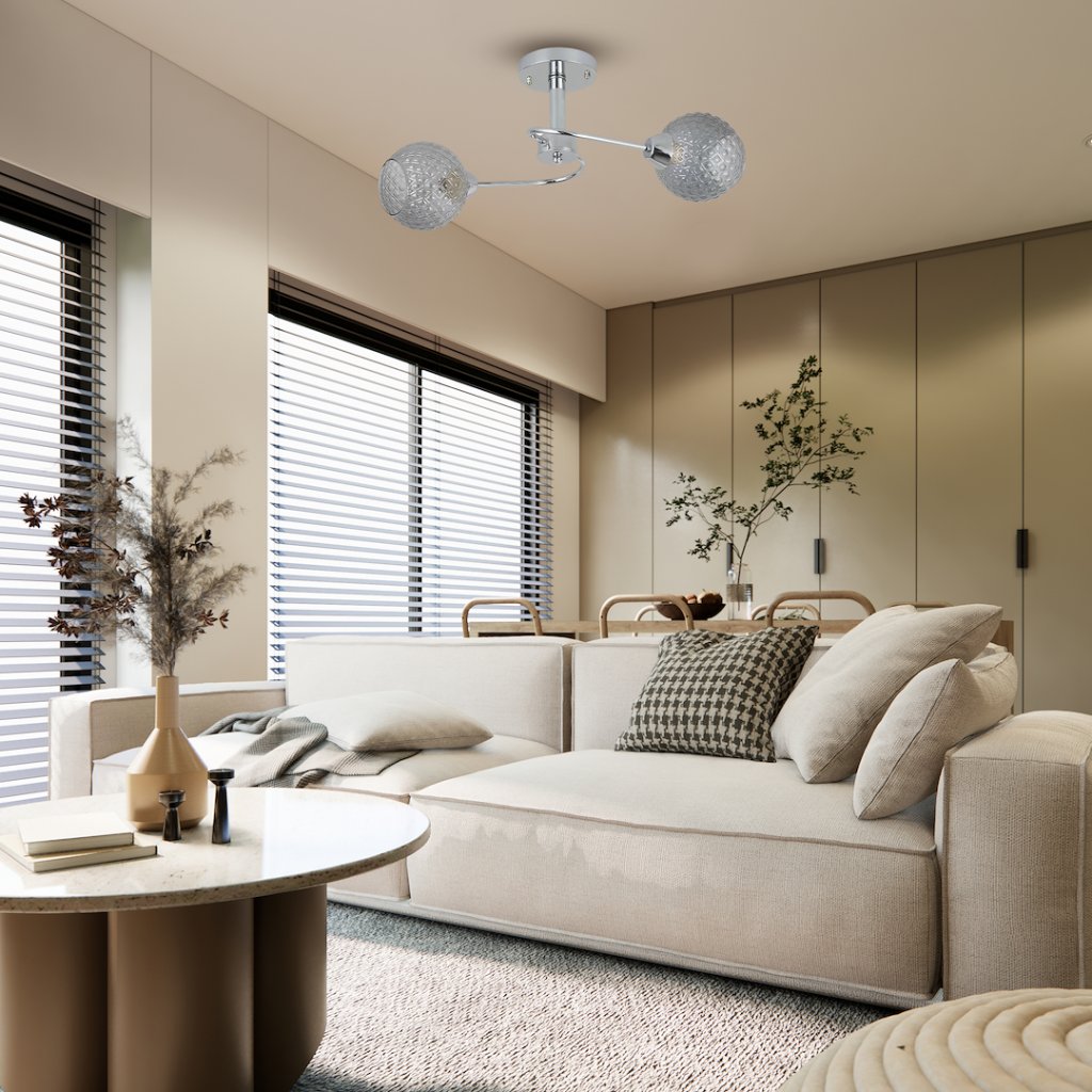 Stropní svítidlo Oakland se dvěma grafitovými skleněnými stínítky je dokonalým doplňkem do moderních interiérů , které kladou důraz na elegantní design a funkčnost . Kombinace kvalitního kovu s lesklou chromovou povrchovou úpravou a kouřového skla vytváří svítidlo s osobitým charakterem.
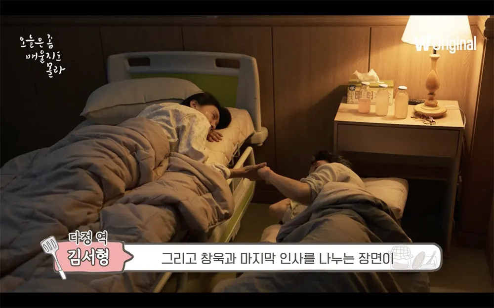 이번에 공개된 마지막 촬영 소감 영상은 생생한 현장감이 느껴지는 마지막 촬영 현장과 배우들이 직접 전하는 촬영 소감을 담고 있어 그동안 <오늘은 좀 매울지도 몰라>를 사랑해 준 시청자들에게 뜻깊은 선물을 전했다. 아내를 위한 소중한 한 끼를 준비하는 ‘창욱’ 역을 맡은 한석규는 “OTT 드라마는 이번이 처음이었는데 정말 운 좋게 제가 원하는 이야기를 만났다”며 작품에 대한 애정을 드러냈다. 한석규는 <오늘은 좀 매울지도 몰라>를 통해 빼어난 연기력과 요리 실력까지 선보이며 색다른 매력을 뽐내 화제가 되었다. 이어 감성퀸으로 완벽 변신에 성공한 김서형은 기억에 남는 장면이 있냐는 질문에 “수목장을 보러 가는 장면이 있다. 그 장면을 찍으러 갔던 날이 기억에 남는다”며 시청자들의 가슴을 뭉클하게 했던 장면을 언급했다. 여기에 한석규와 김서형이 이별을 준비하는 다정하고 애틋한 장면들의 비하인드가 반가움을 더했다.
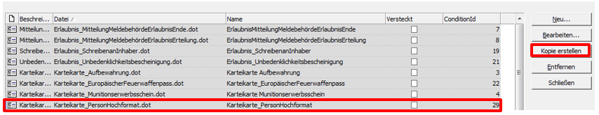 - Markieren Sie eine Vorlage aus der Übersicht der Dokumentenverwaltung. In diesem Beispiel nutzen wir die Vorlage „Karteikarte_PersonHochformat“
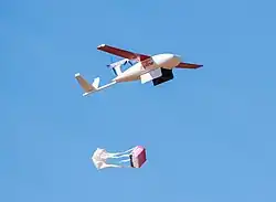 Wing, una compañía incubada por Google X, comenzó entregas comerciales en Christiansburg, Virginia, en octubre de 2019. Lleva paquetes de hasta tres libras, utilizando un cable para el último descenso. A partir de abril de 2020, los remitentes se limitaban a FedEx, Walgreens, Sugar Magnolia, Mockingbird Café y Brugh Coffee. Wing había obtenido un certificado de transportista aéreo Parte 135 de la FAA en abril de 2019, que le permitía cobrar por transportar carga de terceros y operar fuera de la línea de visión del piloto.
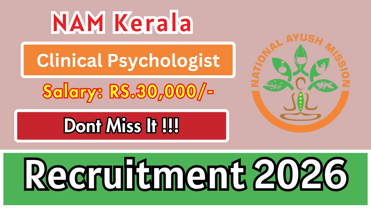 National AYUSH Mission Kerala (NAM Kerala) has released an official notification for the recruitment of Clinical Psychologist Posts. Interested and eligible candidates can apply Offline by sending the application form to the official address. The last date to submit the application is 28-02-2026.

━━━

EXERCISE:
Everything above except the pictures needs to be reproduced exactly.

WRITTEN SOLUTION:
 Stropní svítidlo Oakland se dvěma grafitovými skleněnými stínítky je dokonalým doplňkem do moderních interiérů , které kladou důraz na elegantní design a funkčnost . Kombinace kvalitního kovu s lesklou chromovou povrchovou úpravou a kouřového skla vytváří svítidlo s osobitým charakterem.
 이번에 공개된 마지막 촬영 소감 영상은 생생한 현장감이 느껴지는 마지막 촬영 현장과 배우들이 직접 전하는 촬영 소감을 담고 있어 그동안 <오늘은 좀 매울지도 몰라>를 사랑해 준 시청자들에게 뜻깊은 선물을 전했다. 아내를 위한 소중한 한 끼를 준비하는 ‘창욱’ 역을 맡은 한석규는 “OTT 드라마는 이번이 처음이었는데 정말 운 좋게 제가 원하는 이야기를 만났다”며 작품에 대한 애정을 드러냈다. 한석규는 <오늘은 좀 매울지도 몰라>를 통해 빼어난 연기력과 요리 실력까지 선보이며 색다른 매력을 뽐내 화제가 되었다. 이어 감성퀸으로 완벽 변신에 성공한 김서형은 기억에 남는 장면이 있냐는 질문에 “수목장을 보러 가는 장면이 있다. 그 장면을 찍으러 갔던 날이 기억에 남는다”며 시청자들의 가슴을 뭉클하게 했던 장면을 언급했다. 여기에 한석규와 김서형이 이별을 준비하는 다정하고 애틋한 장면들의 비하인드가 반가움을 더했다.
 - Markieren Sie eine Vorlage aus der Übersicht der Dokumentenverwaltung. In diesem Beispiel nutzen wir die Vorlage „Karteikarte_PersonHochformat“
 Wing, una compañía incubada por Google X, comenzó entregas comerciales en Christiansburg, Virginia, en octubre de 2019. Lleva paquetes de hasta tres libras, utilizando un cable para el último descenso. A partir de abril de 2020, los remitentes se limitaban a FedEx, Walgreens, Sugar Magnolia, Mockingbird Café y Brugh Coffee. Wing había obtenido un certificado de transportista aéreo Parte 135 de la FAA en abril de 2019, que le permitía cobrar por transportar carga de terceros y operar fuera de la línea de visión del piloto.
 National AYUSH Mission Kerala (NAM Kerala) has released an official notification for the recruitment of Clinical Psychologist Posts. Interested and eligible candidates can apply Offline by sending the application form to the official address. The last date to submit the application is 28-02-2026.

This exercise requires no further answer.